**DATA RECORDS**
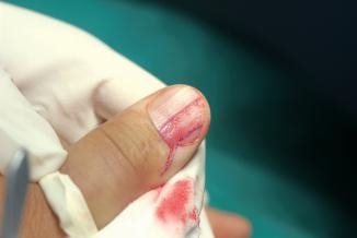 在切取病灶以后,尽量将掀起的甲板回植,促进创面修复。具体的手术方法可见“甲外科”章节。
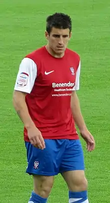 Coulson scored after 15 seconds to give York the lead at home to league leaders Oxford United, and with further goals from Chambers and Paddy McLaughlin the team went on to win 3–1.[40] York won 1–0 away in their first round match of the Football League Trophy against Rotherham United, with Blair scoring an 80th-minute winner.[41] Walker's equaliser in the fifth minute of stoppage time secured a 2–2 draw at home to Chesterfield.[42] There had been three goals scored in a five-minute period in the first half; Chesterfield opened the scoring through Sam Hird and Coulson equalised for York before Craig Westcarr restored the visitors' lead.[42] York drew their next match 1–1 away to Exeter City, having taken the lead through Coulson in the 52nd minute before the home team equalised when John O'Flynn scored in the 83rd minute.[43] The team's first away defeat of the season came with a 3–1 defeat away to Burton Albion; after McLaughlin gave York a ninth-minute lead, Burton went on to win with goals from Lee Bell, Calvin Zola and Matt Paterson.[44] A third draw in four matches came after York drew 0–0 at home to Cheltenham Town.[45] Platt and Liam Henderson were sent out to Harrogate Town and Gainsborough Trinity on three-month and one-month loans respectively, while Dobie was released and Taylor had his loan extended for a second month.[46][47] York's run of four matches without victory came to an end after a 2–0 win away to Aldershot Town, with Blair and Walker scoring in the second half.[48]
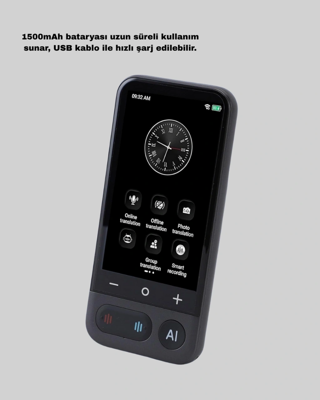 Yabancı diller artık engel değil!Bu taşınabilir sesli çeviri cihazı, dünya genelinde tam 139 dili çevrimiçi, 17 dili ise çevrimdışı olarak destekleyerek, uluslararası iletişimi kolaylaştırır.İş seyahatlerinde, yurt dışı tatillerinde veya eğitimde dil bariyerini ortadan kaldırmak için mükemmel bir çözümdür.4.0 inç IPS dokunmatik ekranı, kullanıcı dostu bir arayüz sunar.Metin, sesli konuşma, yüz yüze diyalog ve fotoğraf tanıma gibi birden fazla çeviri moduna sahiptir.Yalnızca bir tuşa basarak anında sesli çeviri yapabilir; karşı tarafla doğal bir konuşma akışı sürdürebilirsiniz.Yapay zekâ destekli ses tanıma sistemi, doğru ve hızlı çeviri yaparak iletişimi sorunsuz hale getirir.Ayrıca 1500mAh bataryası uzun süreli kullanım sağlar, USB kablo ile hızlı şarj edilebilir.Alüminyum alaşım gövdesi şık, sağlam ve çizilmelere karşı dayanıklıdır.Android ve iOS uyumluluğu sayesinde kolay bağlantı kurabilir, gerektiğinde telefon üzerinden veri güncellemelerini alabilirsiniz.Kompakt ve hafif tasarımıyla cebinizde veya çantanızda rahatça taşıyabilirsiniz.Gerçek zamanlı çeviri kabiliyetiyle, dünya artık parmaklarınızın ucunda!
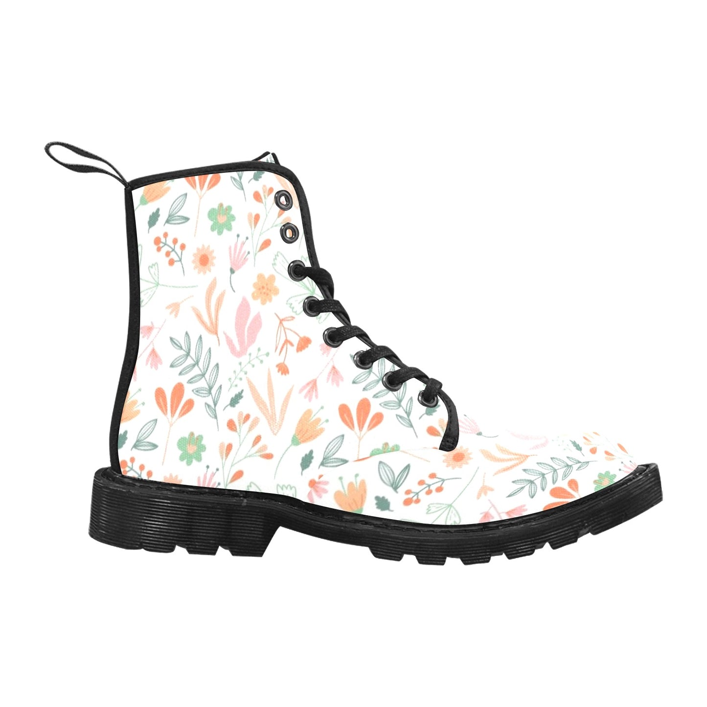 White Floral Combat Boots Women, Pink Flowers Vegan Canvas Lace Up Shoes Print Black Ankle Casual Custom Gift
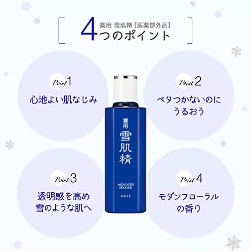 雪肌精化粧水は厳選された和漢植物エキスをたっぷりと含み、水のようなサラッとしたテクスチャーが特徴です。化粧品メーカーであるコーセーのロングセラー商品で、さっぱりした使い心地ながら保湿力があり、敏感肌の方や幅広い年齢の方にお使いいただけます。
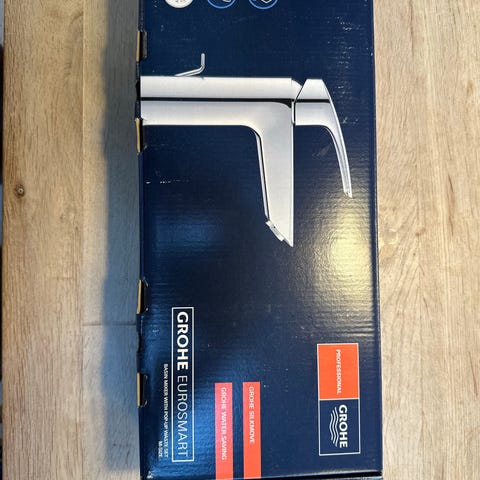 Grohe Eurosmart armatur til håndvask i krom. Armaturet har et enkelt greb og tilslutningsslanger. Designet er kompakt og egnet til montering på håndvask.
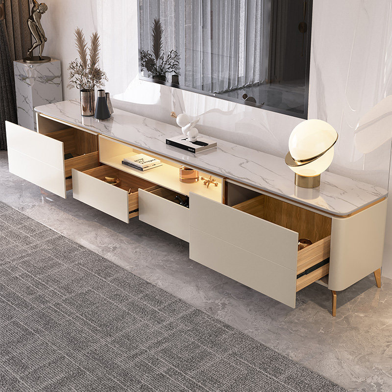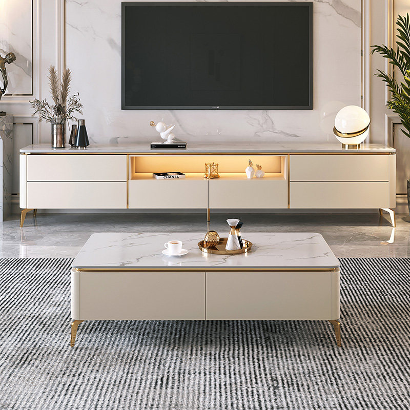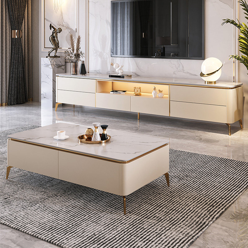 Light luxury coffee table TV cabinet combination simple modern living room bedroom new cream style high foot rock board TV cabinet
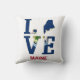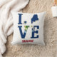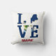 Maine state love. Main in bright red uppercase sans font. The word love is filled with the state flag and the letter O in love is shaped in the silhouette of the state of Maine.
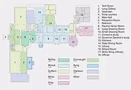 In 1872, during the tenure of the Earl of Dufferin, the indoor Tennis Court and the ballroom were added to the western end of the house, arranged to the south and north, respectively, of the main entrance. The ballroom is a structure of heavy timber framing with brick infill and finished stone exterior.[68] Then, when the Earl of Minto arrived in 1898 with his large family and household, the Minto wing was constructed on the east end of Rideau Hall and was completed in the following year, though this was again intended to only be a temporary measure until a proper government house could be built.[69] Minto's successor, the Earl Grey, added the governor general's study to the far east end of the Monck wing, thus symmetrically balancing out the curved bay and pediment of the original McKay villa to the west.
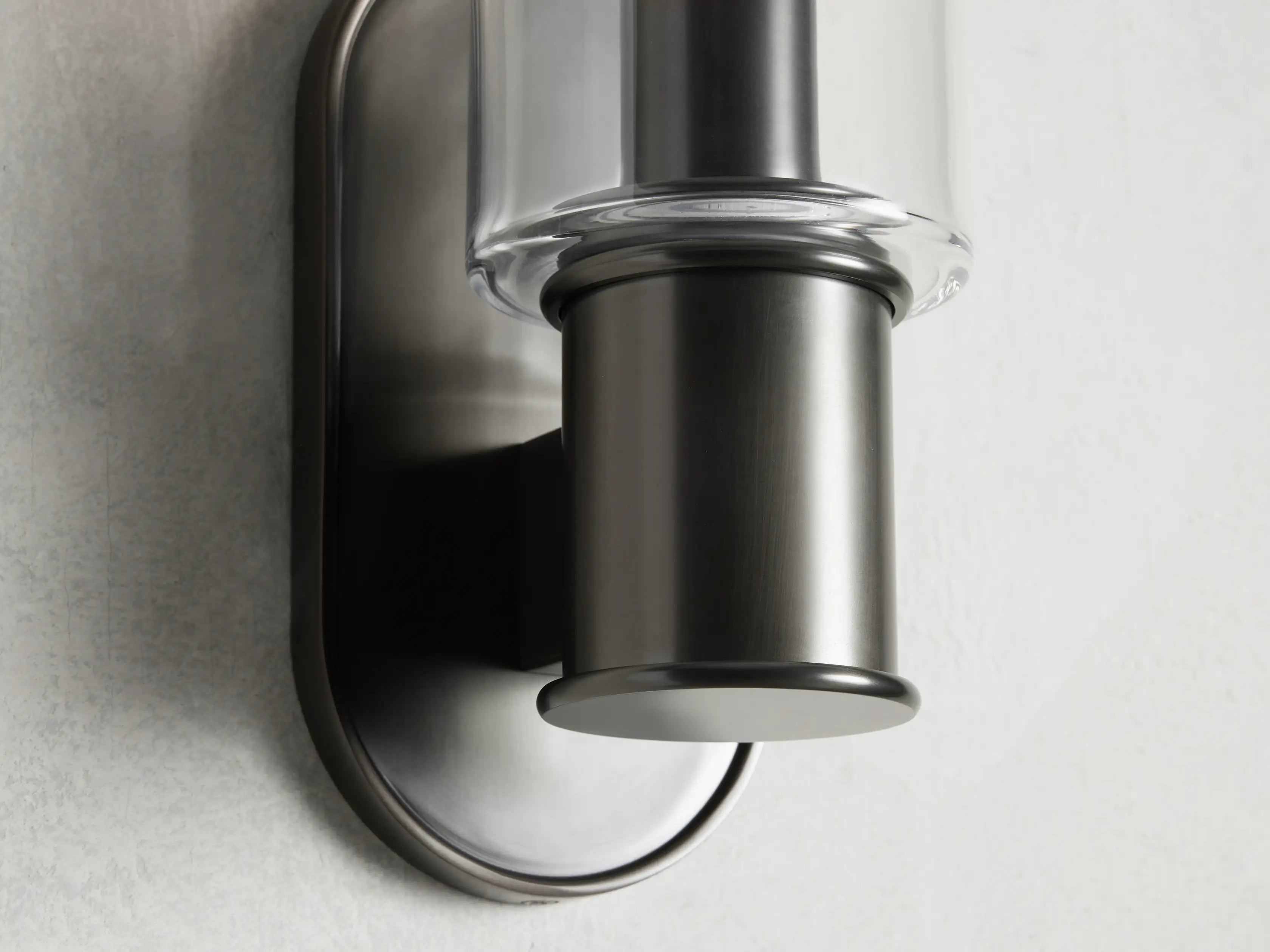 • Harlin is an Arhaus exclusive lighting collection crafted from steel and brass with a polished nickel, bronze plated, or burnished brass finish with a clear glass cloche to complement your bathroom aesthetic.
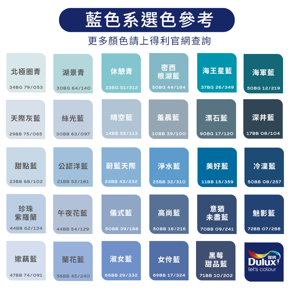 【得利官方旗艦店】A922 全效水泥漆 精選藍色系 電腦調色(3公升裝)|客製化調色漆50BG 44/184(客製色無退換)|23BB 68/102(客製色無退換)|50BB 08/257(客製色無退換)|44BB 54/129(客製色無退換)|50BB 39/188(客製色無退換)|69BB 17/324(客製色無退換)|34BG 79/053(客製色無退換)|14BB 55/113(客製色無退換)|90BG 17/120(客製色無退換)|56BB 45/240(客製色無退換)|71BB 10/202(客製色無退換)|30BG 64/140(客製色無退換)|23BG 51/212(客製色無退換)|10BB 39/100(客製色無退換)|21BB 52/181(客製色無退換)|11BB 15/359(客製色無退換)|44BB 62/134(客製色無退換)|50BG 12/219(客製色無退換)|30BB 63/097(客製色無退換)|72BB 07/288(客製色無退換)|37BG 26/349(客製色無退換)|17BB 08/104(客製色無退換)|25BB 32/310(客製色無退換)|24BB 43/232(客製色無退換)|50BB 18/216(客製色無退換)|47BB 74/091(客製色無退換)|66BB 29/332(客製色無退換)|29BB 75/065(客製色無退換)|70BB 09/241(客製色無退換)Wall Paints & CoatingsDulux得利塗料官方旗艦店
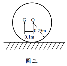 【已刪除】四、圖三所示為一偏心輪,其質量 20kg,質心為G,軸心為O,迴轉半徑(radius of gyration)為k
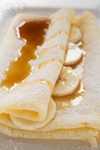 - Αλείφετε κάθε κρέπα με λίγο μέλι, κόβετε σε ροδέλες τις μπανάνες, τις απλώνετε πάνω σε κάθε κρέπα διπλώνετε τις κρέπες στα τέσσερα, τις περιχύνετε με το υπόλοιπο μέλι και τις πασπαλίζετε με άχνη.
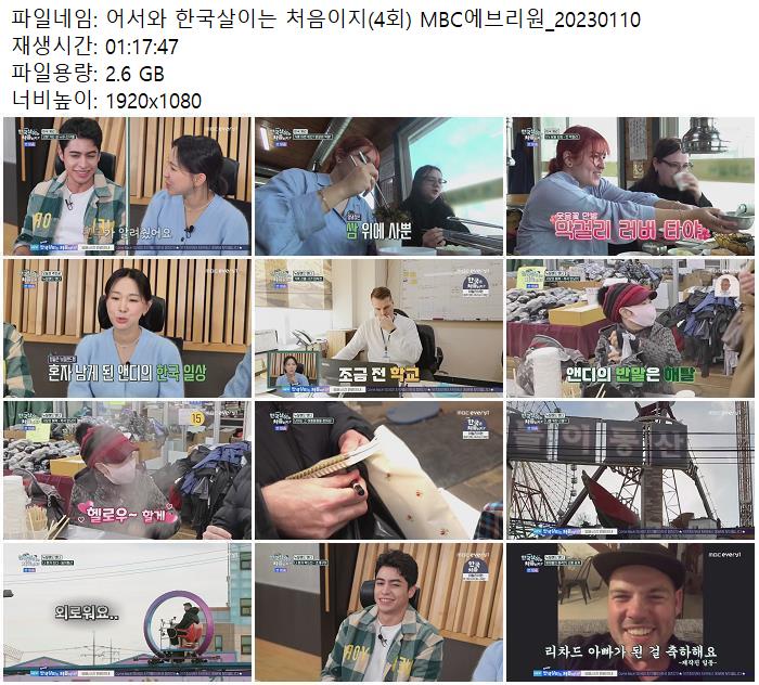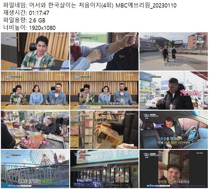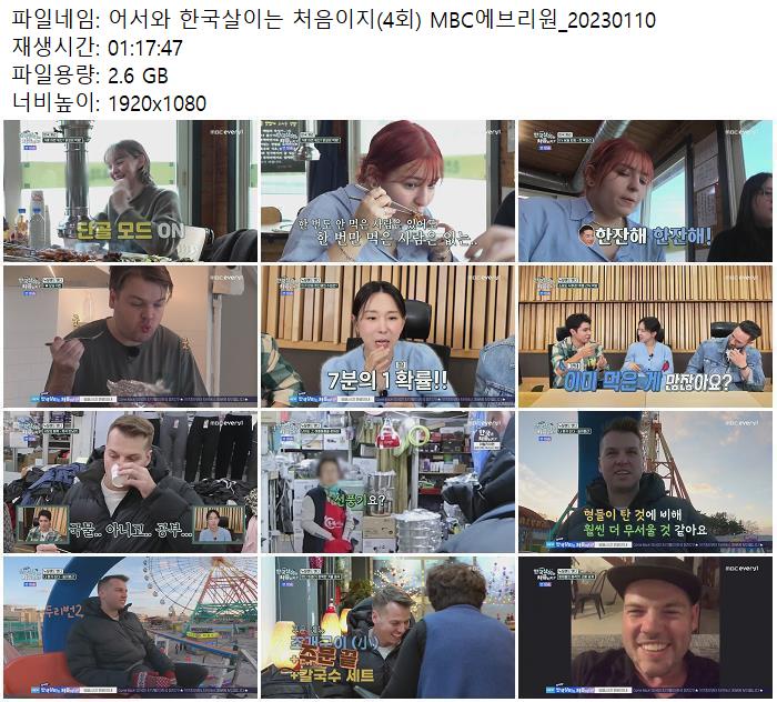 | 어서와 한국살이는 처음이지(4회) MBC에브리원_20230110.mp4 | 2.6 G | 01:17:47 | 1920x1080 |
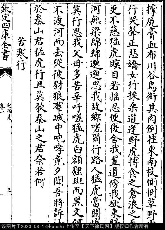 榆台行(按榆台战在弘治乙丑年) 明 · 徐祯卿 榆台高以临匈奴,匈奴之罪当夷。 战不利,师被围。 师被围,士无粮,渴无浆。 拔剑仰天诀,壮士饿死亡。 弃尸不保,蹂藉道傍。 嗟尔从军之人,行不来归。 奈之何,心伤悲。 出处: 《迪功集-明-徐禎卿》卷一(第 3b - 4b 頁)
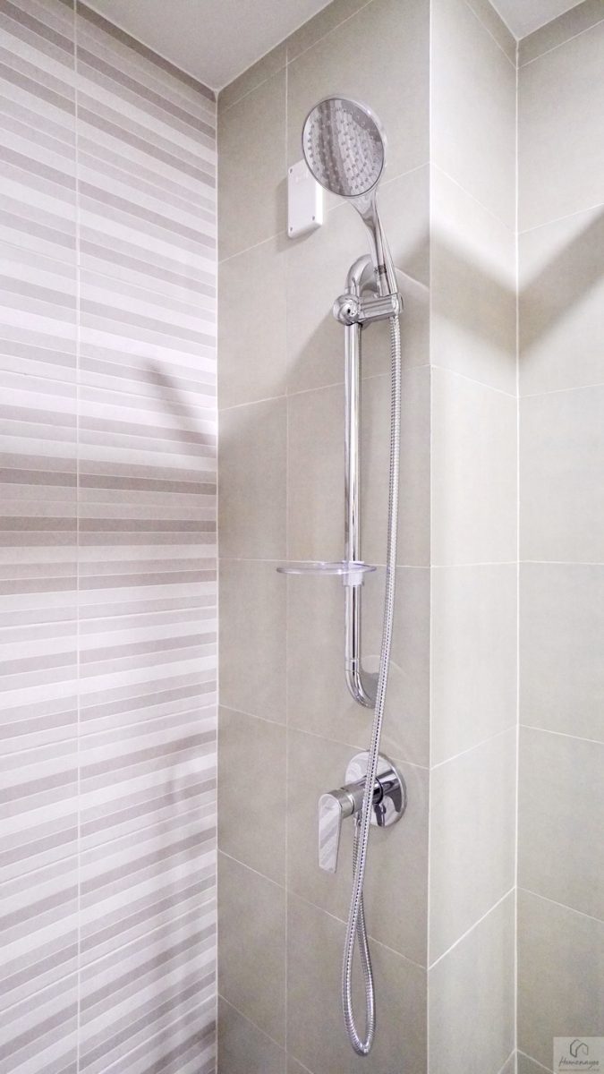 ด้านในติดฝักบัว Hand Shower ของ Cotto พร้อมราวปรับระดับความสูง-ต่ำ และถาดใส่สบู่ ก๊อกน้ำได้เป็นแบบก้านโยก เปิด-ปิดใช้งานได้สะดวก ผนังเดินงานระบบไฟฟ้า ติด Junction Box รองรับการติดตั้งเครื่องทำน้ำอุ่นมาให้เรียบร้อย

**TASK REQUIREMENTS**
Transcribe all of the records exactly, without reproducing their pictures.

**ANSWER**
 在切取病灶以后,尽量将掀起的甲板回植,促进创面修复。具体的手术方法可见“甲外科”章节。
 Coulson scored after 15 seconds to give York the lead at home to league leaders Oxford United, and with further goals from Chambers and Paddy McLaughlin the team went on to win 3–1.[40] York won 1–0 away in their first round match of the Football League Trophy against Rotherham United, with Blair scoring an 80th-minute winner.[41] Walker's equaliser in the fifth minute of stoppage time secured a 2–2 draw at home to Chesterfield.[42] There had been three goals scored in a five-minute period in the first half; Chesterfield opened the scoring through Sam Hird and Coulson equalised for York before Craig Westcarr restored the visitors' lead.[42] York drew their next match 1–1 away to Exeter City, having taken the lead through Coulson in the 52nd minute before the home team equalised when John O'Flynn scored in the 83rd minute.[43] The team's first away defeat of the season came with a 3–1 defeat away to Burton Albion; after McLaughlin gave York a ninth-minute lead, Burton went on to win with goals from Lee Bell, Calvin Zola and Matt Paterson.[44] A third draw in four matches came after York drew 0–0 at home to Cheltenham Town.[45] Platt and Liam Henderson were sent out to Harrogate Town and Gainsborough Trinity on three-month and one-month loans respectively, while Dobie was released and Taylor had his loan extended for a second month.[46][47] York's run of four matches without victory came to an end after a 2–0 win away to Aldershot Town, with Blair and Walker scoring in the second half.[48]
 Yabancı diller artık engel değil!Bu taşınabilir sesli çeviri cihazı, dünya genelinde tam 139 dili çevrimiçi, 17 dili ise çevrimdışı olarak destekleyerek, uluslararası iletişimi kolaylaştırır.İş seyahatlerinde, yurt dışı tatillerinde veya eğitimde dil bariyerini ortadan kaldırmak için mükemmel bir çözümdür.4.0 inç IPS dokunmatik ekranı, kullanıcı dostu bir arayüz sunar.Metin, sesli konuşma, yüz yüze diyalog ve fotoğraf tanıma gibi birden fazla çeviri moduna sahiptir.Yalnızca bir tuşa basarak anında sesli çeviri yapabilir; karşı tarafla doğal bir konuşma akışı sürdürebilirsiniz.Yapay zekâ destekli ses tanıma sistemi, doğru ve hızlı çeviri yaparak iletişimi sorunsuz hale getirir.Ayrıca 1500mAh bataryası uzun süreli kullanım sağlar, USB kablo ile hızlı şarj edilebilir.Alüminyum alaşım gövdesi şık, sağlam ve çizilmelere karşı dayanıklıdır.Android ve iOS uyumluluğu sayesinde kolay bağlantı kurabilir, gerektiğinde telefon üzerinden veri güncellemelerini alabilirsiniz.Kompakt ve hafif tasarımıyla cebinizde veya çantanızda rahatça taşıyabilirsiniz.Gerçek zamanlı çeviri kabiliyetiyle, dünya artık parmaklarınızın ucunda!
 White Floral Combat Boots Women, Pink Flowers Vegan Canvas Lace Up Shoes Print Black Ankle Casual Custom Gift
 雪肌精化粧水は厳選された和漢植物エキスをたっぷりと含み、水のようなサラッとしたテクスチャーが特徴です。化粧品メーカーであるコーセーのロングセラー商品で、さっぱりした使い心地ながら保湿力があり、敏感肌の方や幅広い年齢の方にお使いいただけます。
 Grohe Eurosmart armatur til håndvask i krom. Armaturet har et enkelt greb og tilslutningsslanger. Designet er kompakt og egnet til montering på håndvask.
 Light luxury coffee table TV cabinet combination simple modern living room bedroom new cream style high foot rock board TV cabinet
 Maine state love. Main in bright red uppercase sans font. The word love is filled with the state flag and the letter O in love is shaped in the silhouette of the state of Maine.
 In 1872, during the tenure of the Earl of Dufferin, the indoor Tennis Court and the ballroom were added to the western end of the house, arranged to the south and north, respectively, of the main entrance. The ballroom is a structure of heavy timber framing with brick infill and finished stone exterior.[68] Then, when the Earl of Minto arrived in 1898 with his large family and household, the Minto wing was constructed on the east end of Rideau Hall and was completed in the following year, though this was again intended to only be a temporary measure until a proper government house could be built.[69] Minto's successor, the Earl Grey, added the governor general's study to the far east end of the Monck wing, thus symmetrically balancing out the curved bay and pediment of the original McKay villa to the west.
 • Harlin is an Arhaus exclusive lighting collection crafted from steel and brass with a polished nickel, bronze plated, or burnished brass finish with a clear glass cloche to complement your bathroom aesthetic.
 【得利官方旗艦店】A922 全效水泥漆 精選藍色系 電腦調色(3公升裝)|客製化調色漆50BG 44/184(客製色無退換)|23BB 68/102(客製色無退換)|50BB 08/257(客製色無退換)|44BB 54/129(客製色無退換)|50BB 39/188(客製色無退換)|69BB 17/324(客製色無退換)|34BG 79/053(客製色無退換)|14BB 55/113(客製色無退換)|90BG 17/120(客製色無退換)|56BB 45/240(客製色無退換)|71BB 10/202(客製色無退換)|30BG 64/140(客製色無退換)|23BG 51/212(客製色無退換)|10BB 39/100(客製色無退換)|21BB 52/181(客製色無退換)|11BB 15/359(客製色無退換)|44BB 62/134(客製色無退換)|50BG 12/219(客製色無退換)|30BB 63/097(客製色無退換)|72BB 07/288(客製色無退換)|37BG 26/349(客製色無退換)|17BB 08/104(客製色無退換)|25BB 32/310(客製色無退換)|24BB 43/232(客製色無退換)|50BB 18/216(客製色無退換)|47BB 74/091(客製色無退換)|66BB 29/332(客製色無退換)|29BB 75/065(客製色無退換)|70BB 09/241(客製色無退換)Wall Paints & CoatingsDulux得利塗料官方旗艦店
 【已刪除】四、圖三所示為一偏心輪,其質量 20kg,質心為G,軸心為O,迴轉半徑(radius of gyration)為k
 - Αλείφετε κάθε κρέπα με λίγο μέλι, κόβετε σε ροδέλες τις μπανάνες, τις απλώνετε πάνω σε κάθε κρέπα διπλώνετε τις κρέπες στα τέσσερα, τις περιχύνετε με το υπόλοιπο μέλι και τις πασπαλίζετε με άχνη.
 | 어서와 한국살이는 처음이지(4회) MBC에브리원_20230110.mp4 | 2.6 G | 01:17:47 | 1920x1080 |
 榆台行(按榆台战在弘治乙丑年) 明 · 徐祯卿 榆台高以临匈奴,匈奴之罪当夷。 战不利,师被围。 师被围,士无粮,渴无浆。 拔剑仰天诀,壮士饿死亡。 弃尸不保,蹂藉道傍。 嗟尔从军之人,行不来归。 奈之何,心伤悲。 出处: 《迪功集-明-徐禎卿》卷一(第 3b - 4b 頁)
 ด้านในติดฝักบัว Hand Shower ของ Cotto พร้อมราวปรับระดับความสูง-ต่ำ และถาดใส่สบู่ ก๊อกน้ำได้เป็นแบบก้านโยก เปิด-ปิดใช้งานได้สะดวก ผนังเดินงานระบบไฟฟ้า ติด Junction Box รองรับการติดตั้งเครื่องทำน้ำอุ่นมาให้เรียบร้อย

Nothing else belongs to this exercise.